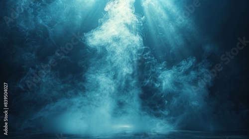 Eerie Cinematic Smoke in Spotlight - Dramatic Silhouette with Double Exposure Stage Setting, Close-Up Focus, Copy Space for Text Overlay
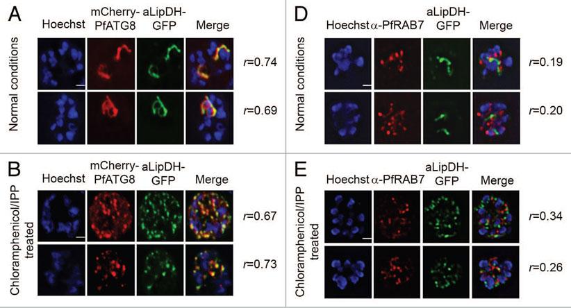 PfATG8, but not PfRAB7, colocalizes with apicoplast-targeted vesicles and apicoplast remnants. (A and B) P. falciparum expressing both mCherry-PfATG8 and aLipDH-GFP (lipoamide dehydrogenase) were treated with chloramphenicol to chemically disrupt the formation of the apicoplast, and IPP added to the culture medium to maintain viability of the parasites. DMSO control (A) and chloramphenicol treated (B) infected erythrocytes were counterstained with Hoechst 33258. The Pearson’s coefficients (r) show the degree of colocalization in each individual image. (D and E) Transgenic parasites expressing aLipDH-GFP were treated as above. Immunofluorescence analyses of untreated controls (D) or chloramphenicol/IPP treated (E) and were performed using anti-PfRAB7 antibodies (red). Hoechst 33258 (blue) was used to stain the nuclei. Scale bar: 2 μm.Tomlins AM, Ben-Rached F, Williams RA, Proto WR, Coppens I, Ruch U, Gilberger TW, Coombs GH, Mottram JC, Müller S, Langsley G. Plasmodium falciparum ATG8 implicated in both autophagy and apicoplast formation. Autophagy. 2013 Aug 29;9(10). PMID: 2402567
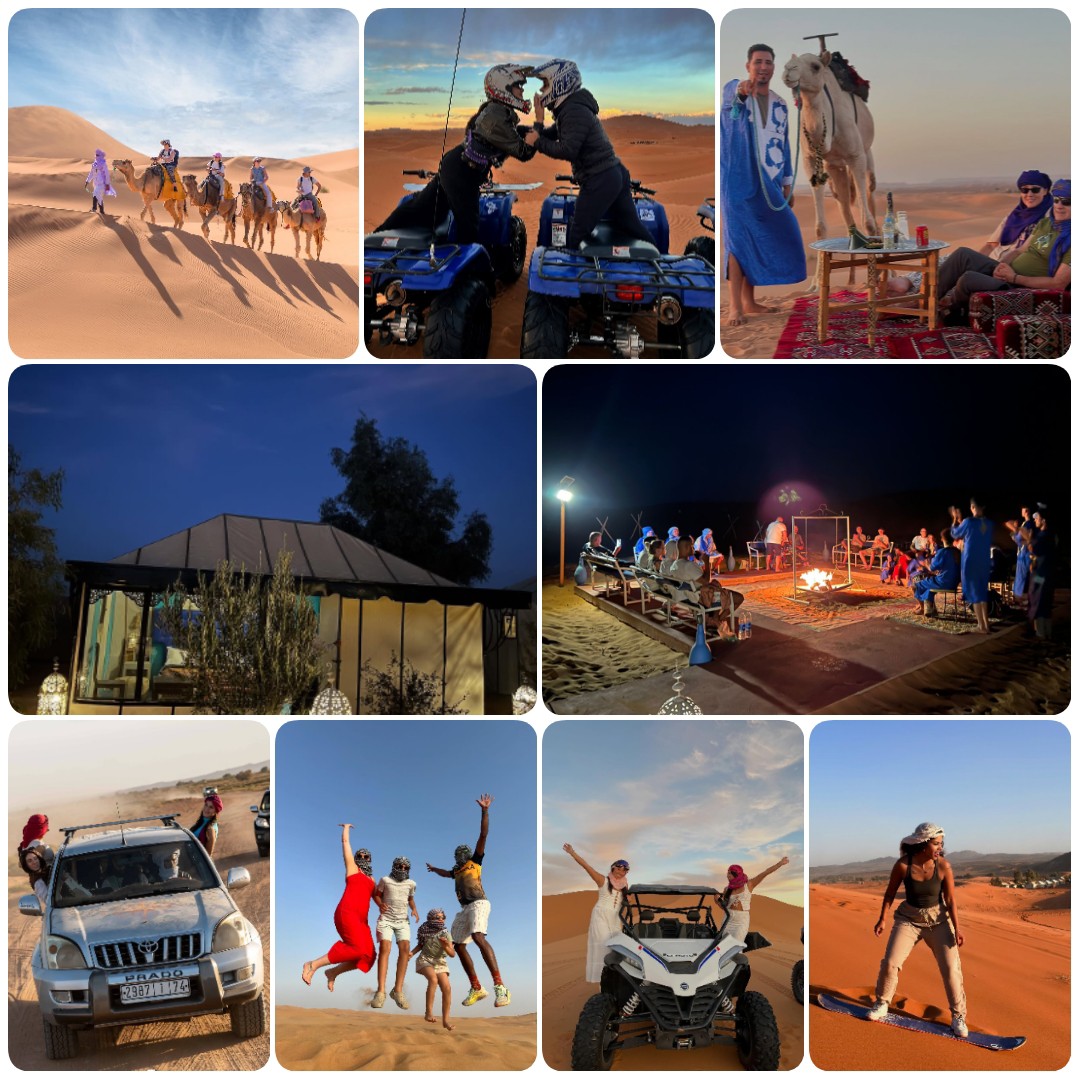 Cuireann Glamorous Camp fáilte romhat chuig fanacht nach ndéanfar dearmad air riamh i bhfásach Merzouga, áit a dtagann an t-álú agus áilleacht an dúlra le chéile. Ag tairiscint lochtaí príobháideacha, radhairc ar na sléibhte, agus áiseanna nua-aimseartha, tá bealach isteach príobháideach, seomra folctha en-suite ina bhfuil cithfholcadán siúil isteach, agus earraí níocháin saor in aisce i ngach puball fuaimdhíonach. Is féidir le haíonna taitneamh a bhaint as buifé bricfeasta saibhir nó béile sa seomra, scíth a ligean sa tolglann caife, nó dul ar eachtraí san fhásach amhail fánaíocht, sciáil agus siúl
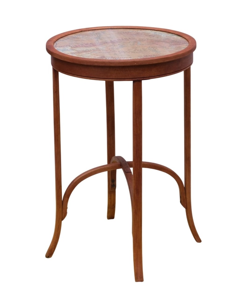 Mesa de siglo XX hecha en el estilo Thonet con madera curvada de haya. La tapa de la mesa es de cristal que se puede desatornillar para cambiar el diseño de debajo. La madera está decapada y acabada con cera.

▸ **EXERCISE AIM**
Only the pictures may be dropped when you copy the data above; everything else stays exact.

▸ **SOLUTION**
 Eerie Cinematic Smoke in Spotlight - Dramatic Silhouette with Double Exposure Stage Setting, Close-Up Focus, Copy Space for Text Overlay
 PfATG8, but not PfRAB7, colocalizes with apicoplast-targeted vesicles and apicoplast remnants. (A and B) P. falciparum expressing both mCherry-PfATG8 and aLipDH-GFP (lipoamide dehydrogenase) were treated with chloramphenicol to chemically disrupt the formation of the apicoplast, and IPP added to the culture medium to maintain viability of the parasites. DMSO control (A) and chloramphenicol treated (B) infected erythrocytes were counterstained with Hoechst 33258. The Pearson’s coefficients (r) show the degree of colocalization in each individual image. (D and E) Transgenic parasites expressing aLipDH-GFP were treated as above. Immunofluorescence analyses of untreated controls (D) or chloramphenicol/IPP treated (E) and were performed using anti-PfRAB7 antibodies (red). Hoechst 33258 (blue) was used to stain the nuclei. Scale bar: 2 μm.Tomlins AM, Ben-Rached F, Williams RA, Proto WR, Coppens I, Ruch U, Gilberger TW, Coombs GH, Mottram JC, Müller S, Langsley G. Plasmodium falciparum ATG8 implicated in both autophagy and apicoplast formation. Autophagy. 2013 Aug 29;9(10). PMID: 2402567
 Cuireann Glamorous Camp fáilte romhat chuig fanacht nach ndéanfar dearmad air riamh i bhfásach Merzouga, áit a dtagann an t-álú agus áilleacht an dúlra le chéile. Ag tairiscint lochtaí príobháideacha, radhairc ar na sléibhte, agus áiseanna nua-aimseartha, tá bealach isteach príobháideach, seomra folctha en-suite ina bhfuil cithfholcadán siúil isteach, agus earraí níocháin saor in aisce i ngach puball fuaimdhíonach. Is féidir le haíonna taitneamh a bhaint as buifé bricfeasta saibhir nó béile sa seomra, scíth a ligean sa tolglann caife, nó dul ar eachtraí san fhásach amhail fánaíocht, sciáil agus siúl
 Mesa de siglo XX hecha en el estilo Thonet con madera curvada de haya. La tapa de la mesa es de cristal que se puede desatornillar para cambiar el diseño de debajo. La madera está decapada y acabada con cera.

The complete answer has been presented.